Qui aurait cru, il y a encore quelques années, que le pharmacien pourrait un jour vacciner ses patients au sein même de l'officine ?
Cette mission, auparavant réservée aux médecins et aux infirmiers (sous certaines conditions), est aujourd'hui largement pratiquée par le pharmacien. Une étude commandée par la Fédération des syndicats pharmaceutiques de France (FSPF) met en exergue la montée en flèche de la couverture vaccinale depuis que les pharmaciens sont autorisés à exercer cette mission. « En 2019, 5 millions de Français étaient vaccinés contre la grippe. En 2020, grâce au concours des pharmaciens, plus de 6 millions de personnes ont pu être vaccinées contre ce virus », note Philippe Besset, président de la FSPF. Après le succès de la vaccination antigrippale en officine, celle contre le Covid - possible en officine depuis le 15 mars dernier - est également prometteuse. De fait, selon les données GERS Data, plus de 6 % des vaccinations anti-Covid en France ont été effectuées en officine, soit 1 million de personnes sur les 16 millions ayant reçu au moins une dose. Les pharmacies volontaires en matière de vaccination peuvent, d'ailleurs, se faire référencer sur la plateforme Santé.fr pour informer les patients de ce service.
Prévenir le rebond des maladies infectieuses
Que de routes parcourues par l'officinal… mais le défi ne s'arrête pas en si bon chemin. « Aujourd'hui, personne ne peut remettre en cause les compétences du pharmacien en termes de vaccination. Nous devons continuer sur cette lancée pour lui permettre de vacciner ses patients contre d'autres pathologies », souligne Jérôme Paresys-Barbier, président de la section D de l'Ordre national des pharmaciens. Diphtérie, tétanos, poliomyélite, varicelle, coqueluche, oreillons… les grands « classiques » de la vaccination ne sont pas toujours à jour, au sein de la population adulte. Ces carences vaccinales peuvent avoir des conséquences graves au niveau individuel et collectif, en faisant flamber des pathologies que l'on croyait disparues. En témoigne le retour en force de maladies telles que la coqueluche ou la rougeole, par exemple. « Nous sommes à la veille d'une catastrophe : celle du rebond des maladies infectieuses. La population ne se vaccine plus ! Le pharmacien devrait avoir pour rôle de rappeler le calendrier vaccinal, de vérifier qu'il est à jour pour chaque patient et, le cas échéant, de proposer de le vacciner », indique Philippe Besset.
Un avis partagé par Gilles Bonnefond, conseiller du président et porte-parole de l'Union des syndicats de pharmaciens d'officine (USPO) : « si on veut gagner la bataille de la prévention contre ces pathologies, on doit associer tous les acteurs de santé. Ce n'est pas en réservant l'activité de vaccination à la médecine libérale que l'on va y arriver. Cela fait 10 ans que nous nous battons pour que les pharmaciens puissent effectuer tous types de vaccins. »
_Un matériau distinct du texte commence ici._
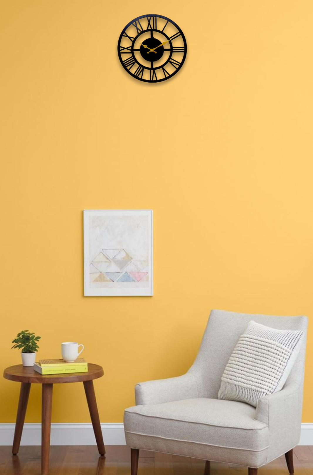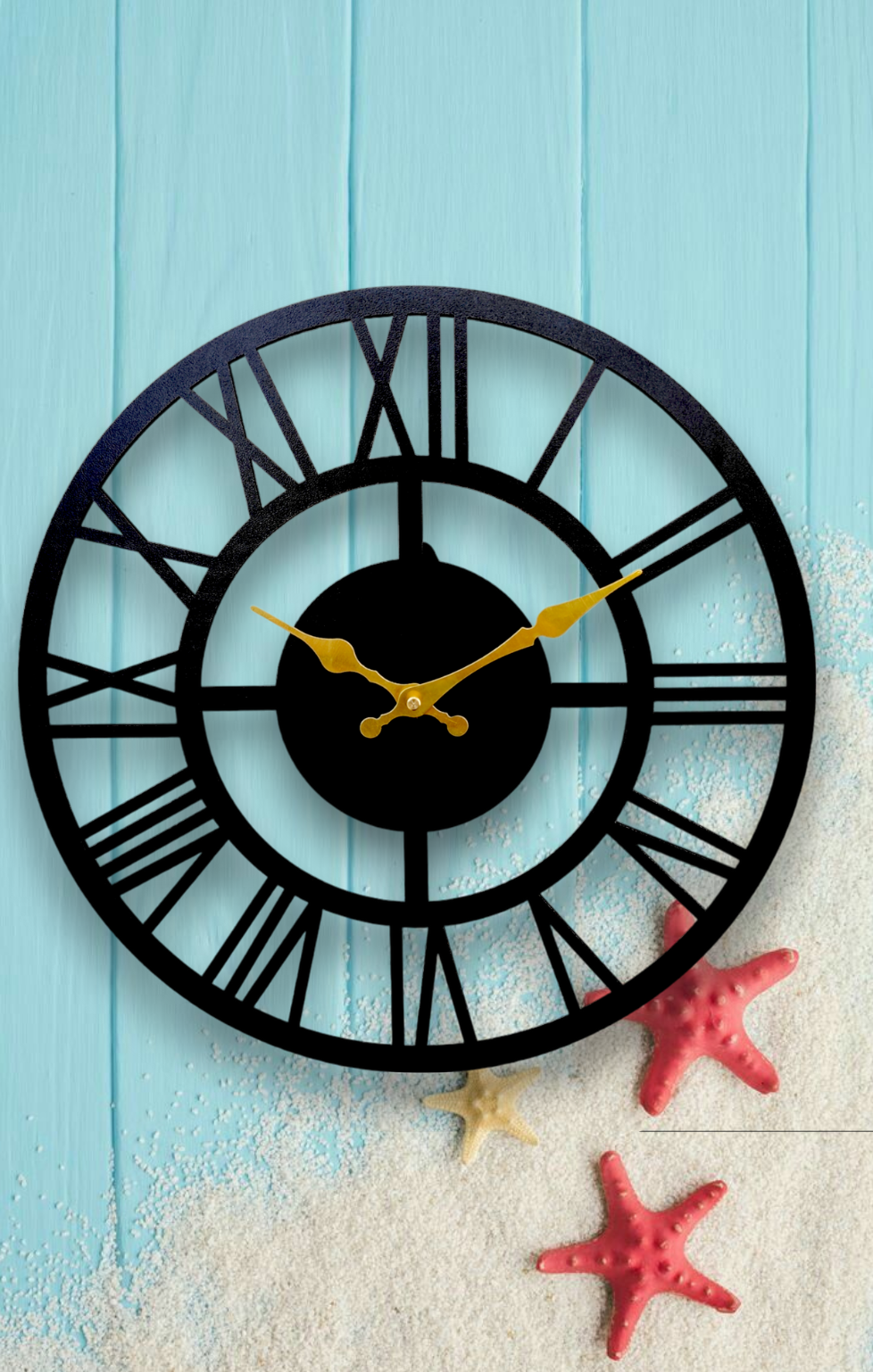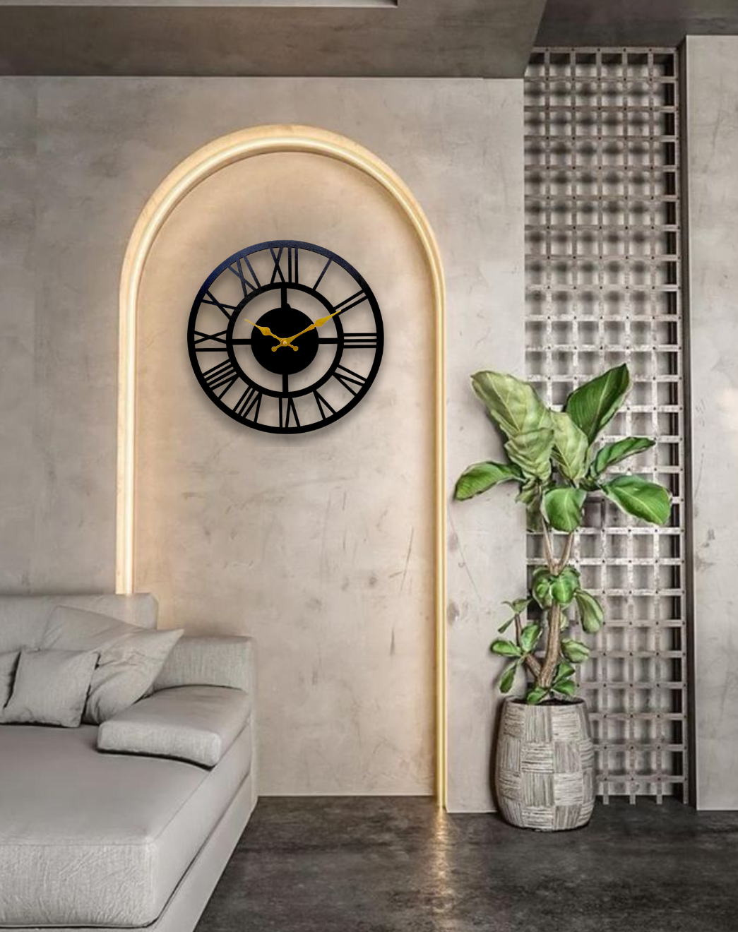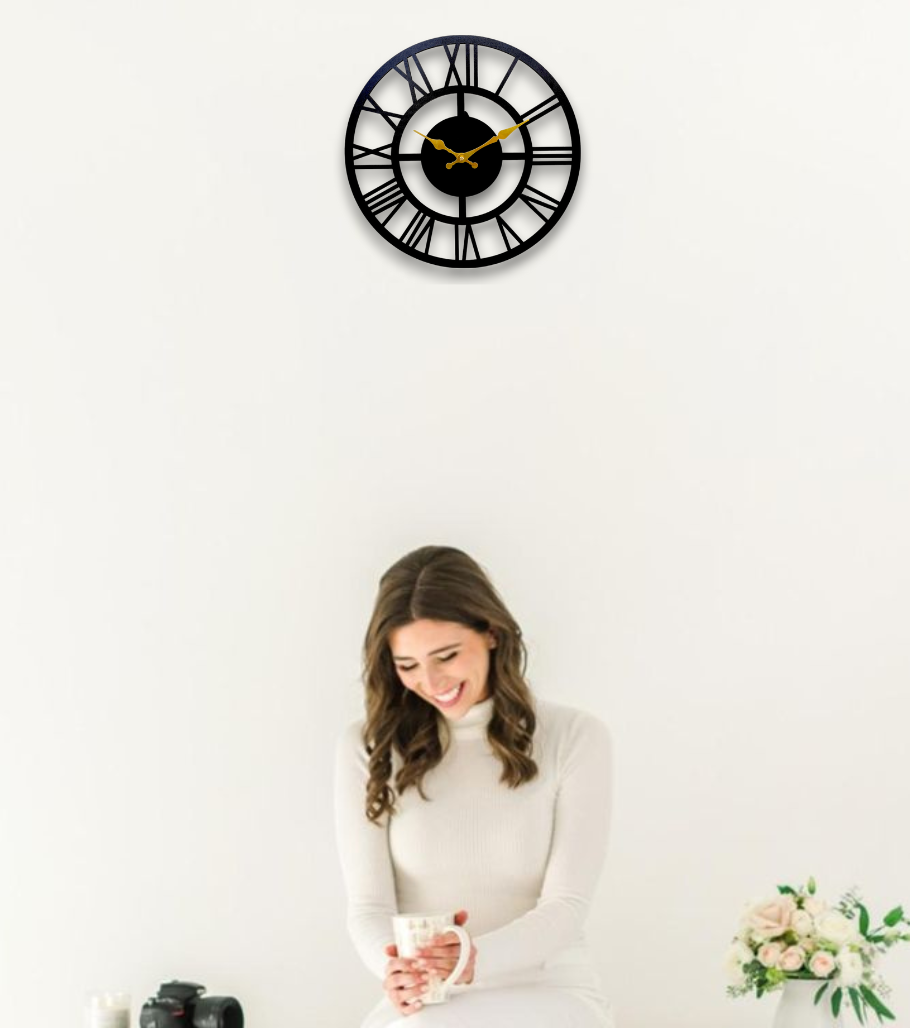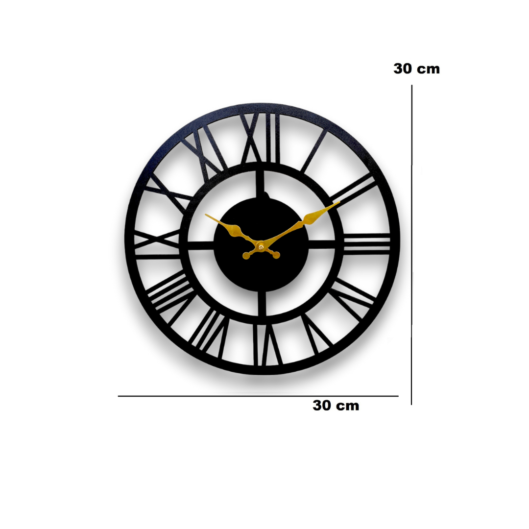 Elevate your home decor with our classic Roman numeral wall clock. This elegant timepiece features a sleek, black metal frame and bold gold Roman numerals against a minimalist backdrop. Its timeless design complements a variety of interior styles, from modern to traditional. The quiet, non-ticking movement ensures a peaceful environment.

Vers une prescription officinale ?
Une bataille qui devrait bientôt porter ses fruits. De fait, l'extension des missions vaccinales des officinaux est actuellement un sujet en discussion à la Haute Autorité de santé. « La commission technique des vaccinations devait se prononcer en 2020 sur le sujet. Mais le Covid a retardé les discussions », précise Philippe Besset. Pour sa part, le président de l'USPO se veut optimiste, « un arrêté devrait être prochainement publié pour autoriser le pharmacien à vacciner tous les adultes et les adolescents afin de faire respecter le calendrier vaccinal ».
En attendant, existe-t-il des obstacles susceptibles de limiter l'extension des missions vaccinales des officinaux ? Pour Philippe Besset, « les professionnels de santé devraient disposer d'un système d'information commun permettant de vérifier l'état vaccinal du patient. Cet outil indispensable pourrait être intégré au dossier médical partagé (DMP), par exemple ». Jérôme Parésys-Barbier, quant à lui, ne perçoit pas d'obstacles, « dans la mesure où le pharmacien, formé à la vaccination, est tout à faire capable d'assurer cet acte de prévention ».
La question de la prescription de vaccins par l'officinal doit également se poser. « La primo-vaccination doit être prescrite par le médecin. Mais je ne vois pas pourquoi le pharmacien ne pourrait pas proposer à un patient adulte de faire un rappel du DTP, par exemple, lorsque cela s'avère nécessaire. Quand l'extension vaccinale sera en vigueur, nous pourrions lancer une campagne de communication nationale pour inciter les Français à faire le bilan de leur état vaccinal chez le pharmacien », conclut-il.